For efficiency, RSA is often used in a "hybrid" or "key-management" mode with fast non-public-key cryptosystems. With such a system, the encryption and decryption keys are identical. If Alice wishes to send a long message M to Bob privately, she selects a random key K for the fast non-public-key cryptosystem and encrypts M using K, obtaining ciphertext C. Here, C is as long as M, but K is quite short. Then, she encrypts K using Bob's public RSA key. Since K is short, computing P_B(K) is fast (much faster than computing P_B(M)). She then transmits (C, P_B(K)) to Bob, who decrypts P_B(K) to obtain K and then uses K to decrypt C, obtaining M.

A similar hybrid approach is often used to make digital signatures efficiently. In this approach, RSA is combined with a public one-way hash function h--a function that is easy to compute but for which it is computationally infeasible to find two messages M and M' such that h(M) = h(M'). The value h(M) is a short (say, 128-bit) "fingerprint" of the message M. If Alice wishes to sign a message M, she first applies h to M to obtain the fingerprint h(M), which she then signs with her secret key. She sends (M, S_A(h(M))) to Bob as her signed version of M. Bob can verify the signature by computing h(M) and verifying that P_A applied to S_A(h(M)) as received equals h(M). Because no one can create two messages with the same fingerprint, it is impossible to alter a signed message and preserve the validity of the signature.

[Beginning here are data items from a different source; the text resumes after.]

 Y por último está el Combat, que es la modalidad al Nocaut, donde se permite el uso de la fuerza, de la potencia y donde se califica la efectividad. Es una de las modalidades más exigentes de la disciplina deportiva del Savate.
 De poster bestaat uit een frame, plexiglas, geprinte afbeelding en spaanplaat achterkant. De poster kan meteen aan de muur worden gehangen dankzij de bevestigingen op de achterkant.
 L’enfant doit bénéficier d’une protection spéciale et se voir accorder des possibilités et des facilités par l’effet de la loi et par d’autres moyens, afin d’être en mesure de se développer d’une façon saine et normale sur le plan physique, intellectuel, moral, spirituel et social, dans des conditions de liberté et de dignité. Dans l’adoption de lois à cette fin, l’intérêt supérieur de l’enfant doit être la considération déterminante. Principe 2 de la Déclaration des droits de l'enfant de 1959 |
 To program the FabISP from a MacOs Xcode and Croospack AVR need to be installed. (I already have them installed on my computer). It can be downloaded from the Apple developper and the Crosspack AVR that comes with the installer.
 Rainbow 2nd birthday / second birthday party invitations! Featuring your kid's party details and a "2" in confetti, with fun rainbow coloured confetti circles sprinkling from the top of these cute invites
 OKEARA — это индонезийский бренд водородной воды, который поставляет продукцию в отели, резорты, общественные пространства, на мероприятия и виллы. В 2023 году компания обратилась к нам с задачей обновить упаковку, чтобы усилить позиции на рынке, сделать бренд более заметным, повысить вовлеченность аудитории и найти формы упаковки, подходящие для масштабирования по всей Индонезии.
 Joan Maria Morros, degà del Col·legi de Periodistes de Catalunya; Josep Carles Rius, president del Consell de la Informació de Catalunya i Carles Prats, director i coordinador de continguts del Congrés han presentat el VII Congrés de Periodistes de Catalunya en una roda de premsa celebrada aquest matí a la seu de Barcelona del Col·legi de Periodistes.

Finally, we note that the use of certificates makes distributing public keys much easier. For example, assume there is a "trusted authority" T whose public key is known by everyone. Alice can obtain from T a signed message (her certificate) stating that "Alice's public key is P_A". This certificate is "self-authenticating" since everyone knows P_T. Alice can include her certificate with her signed messages, so that the recipient has Alice's public key immediately available in order to verify her signature. Because her key was signed by T, the recipient knows that Alice's key is really Alice's.

Exercises

Consider an RSA key set with p = 11, q = 29, n = 319, and e = 3. What value of d should be used in the secret key? What is the encryption of the message M = 100?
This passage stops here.